### What you should do
From the line that holds "والعلة في ذلك" to the end of the records, reproduce every line exactly. No pictures.

### Dataset extract
┌──
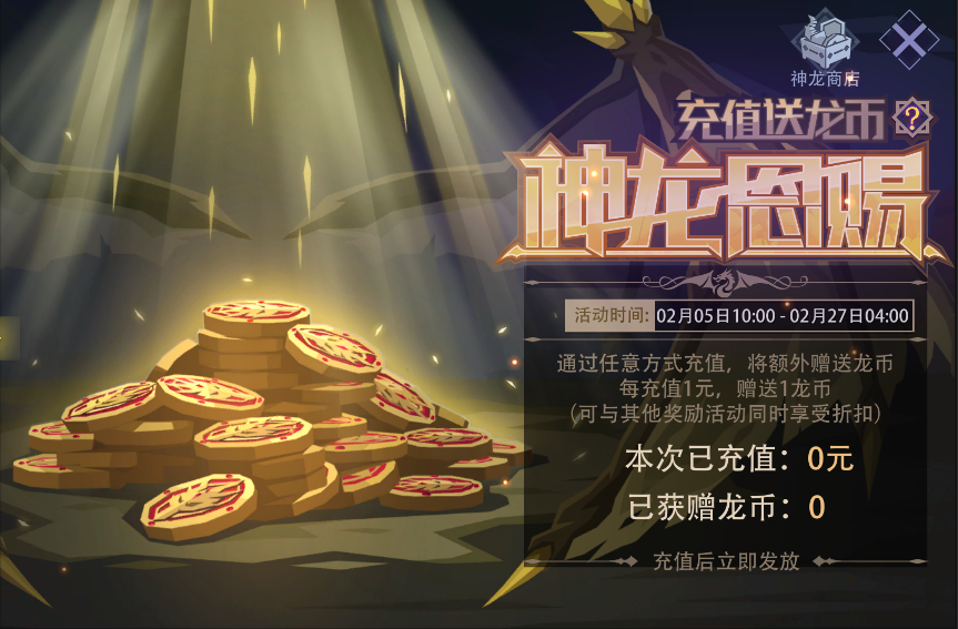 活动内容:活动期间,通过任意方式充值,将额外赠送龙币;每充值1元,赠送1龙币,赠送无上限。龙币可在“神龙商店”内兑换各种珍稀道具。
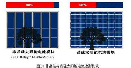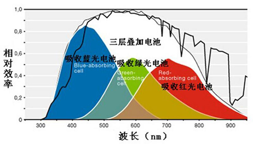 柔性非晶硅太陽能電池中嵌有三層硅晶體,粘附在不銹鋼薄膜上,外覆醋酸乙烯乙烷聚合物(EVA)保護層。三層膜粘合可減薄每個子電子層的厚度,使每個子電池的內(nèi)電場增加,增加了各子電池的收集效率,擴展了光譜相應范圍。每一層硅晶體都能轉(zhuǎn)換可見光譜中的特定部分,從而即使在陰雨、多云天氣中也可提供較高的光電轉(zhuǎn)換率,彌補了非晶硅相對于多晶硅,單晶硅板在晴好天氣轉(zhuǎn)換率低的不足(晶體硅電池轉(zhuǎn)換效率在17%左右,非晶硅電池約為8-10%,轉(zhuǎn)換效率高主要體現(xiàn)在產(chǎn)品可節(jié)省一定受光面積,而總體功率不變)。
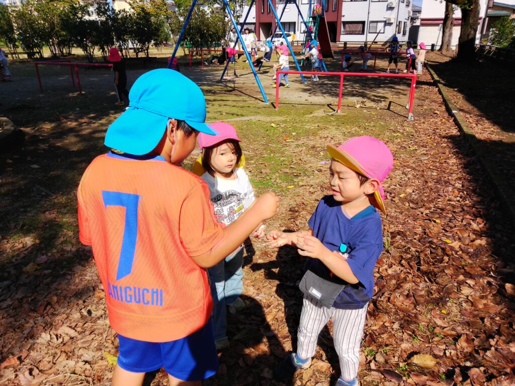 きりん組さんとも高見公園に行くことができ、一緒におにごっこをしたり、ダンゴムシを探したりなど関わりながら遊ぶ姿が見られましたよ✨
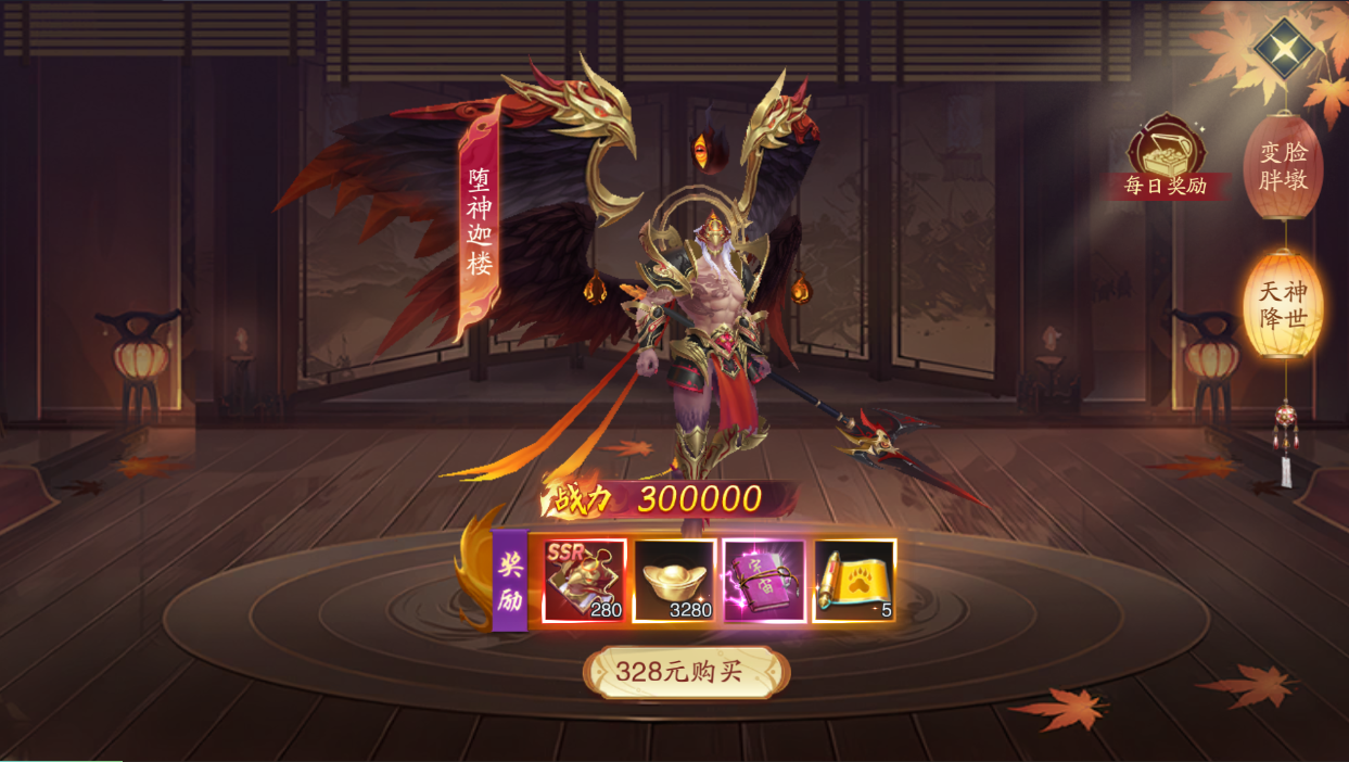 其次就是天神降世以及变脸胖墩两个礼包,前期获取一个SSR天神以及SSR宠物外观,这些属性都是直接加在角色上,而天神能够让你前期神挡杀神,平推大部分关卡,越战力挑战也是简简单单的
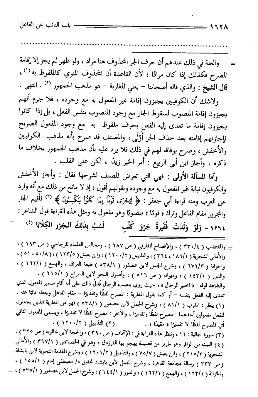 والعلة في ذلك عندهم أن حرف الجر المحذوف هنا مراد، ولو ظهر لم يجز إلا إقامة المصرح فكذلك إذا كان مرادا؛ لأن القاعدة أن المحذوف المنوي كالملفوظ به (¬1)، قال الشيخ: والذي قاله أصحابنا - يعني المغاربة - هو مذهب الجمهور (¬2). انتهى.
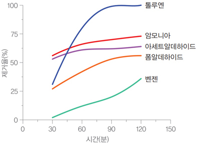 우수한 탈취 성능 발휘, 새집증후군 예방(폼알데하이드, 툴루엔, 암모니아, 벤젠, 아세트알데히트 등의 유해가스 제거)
└──
### Solved problem
 والعلة في ذلك عندهم أن حرف الجر المحذوف هنا مراد، ولو ظهر لم يجز إلا إقامة المصرح فكذلك إذا كان مرادا؛ لأن القاعدة أن المحذوف المنوي كالملفوظ به (¬1)، قال الشيخ: والذي قاله أصحابنا - يعني المغاربة - هو مذهب الجمهور (¬2). انتهى.
 우수한 탈취 성능 발휘, 새집증후군 예방(폼알데하이드, 툴루엔, 암모니아, 벤젠, 아세트알데히트 등의 유해가스 제거)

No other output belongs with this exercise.